US Interest Rate Change: November 2016

U.S. Raises Interest Rates

Author
Justin Lim
Date
August 11, 2022
December 16, 2016
Category
Market Events

What happened and what it means to you.

Yesterday as expected the US fed raised their target federal funds rate to 0.75%. In her speech Federal Reserve Chairman Janet Yellen stated that “Job gains have been solid in recent months and the unemployment rate has declined” in addition inflation has increased “considerably”. These are good signs that the economy is recovering at a strong pace than expected at the beginning of the year. They believe that it is growing strong enough that the Federal Reserve anticipates another 3 raise hikes before 2018 and continue into 2019, eventually bringing the US fed fund rates closer to their long-term average. This means the US will still experience below average interest rates for the next 2 years.


More articles on this event
http://www.cbc.ca/news/business/federal-reserve-interest-rate-1.3896402
http://www.theglobeandmail.com/report-on-business/fed-raises-rates-sees-faster-pace-of-increases-in-2017/article33321124/

The planned rate hikes in 2017 and 2018 are not unsimilar to what we heard last year and we only saw one rate hike in 2016. This was mainly due to the global economic conditions and the effect a strong US dollar would have on it. The fed will closely monitor these effects and they have shown in the past to be conservative if they feel the risk is too large.

What may be some of the consequences of the rate hike? It will undoubtedly increase the value of the US dollar which will make it difficult for US companies that sell globally as the strong American dollar will make their products/services seem expensive.
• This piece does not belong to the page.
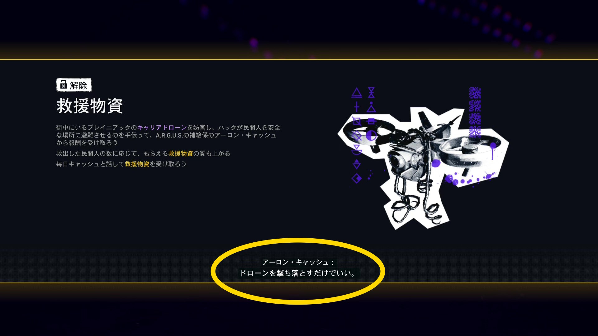 ホール・オブ・ジャスティスにキャッシュという人物(警察官)がおりまして、彼から『救援物資をあげるから人さらいのドローンを破壊してくれ』とお願いされる。

Also, almost all commodities are based in US dollars, therefore the prices of these commodities may be suppressed. The most common being oil and gold, both of which saw a small decline yesterday as a result of the rate hike.
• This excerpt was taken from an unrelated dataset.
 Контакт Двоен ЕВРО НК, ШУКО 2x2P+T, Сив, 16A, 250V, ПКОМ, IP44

The good news, besides the confirmation that the US is in good shape, is that countries that export to the US will have an advantage as their product would be cheaper for the American consumer. Canada exports more to the US than to any of our other trading partners, therefore this should be good news for our economy. Canadian companies that focus on exporting their goods/services have been taking advantage of the strong US dollar and this should only increase their revenue.

In the market, there should be some short -term volatility as money shifts to areas that will benefit from the rate increase. In the long-term, this increase is good news as we received confirmation that US economy is improving and as a result we hope Canada will receive a much needed boost to its economy as our goods/services look much more attractive.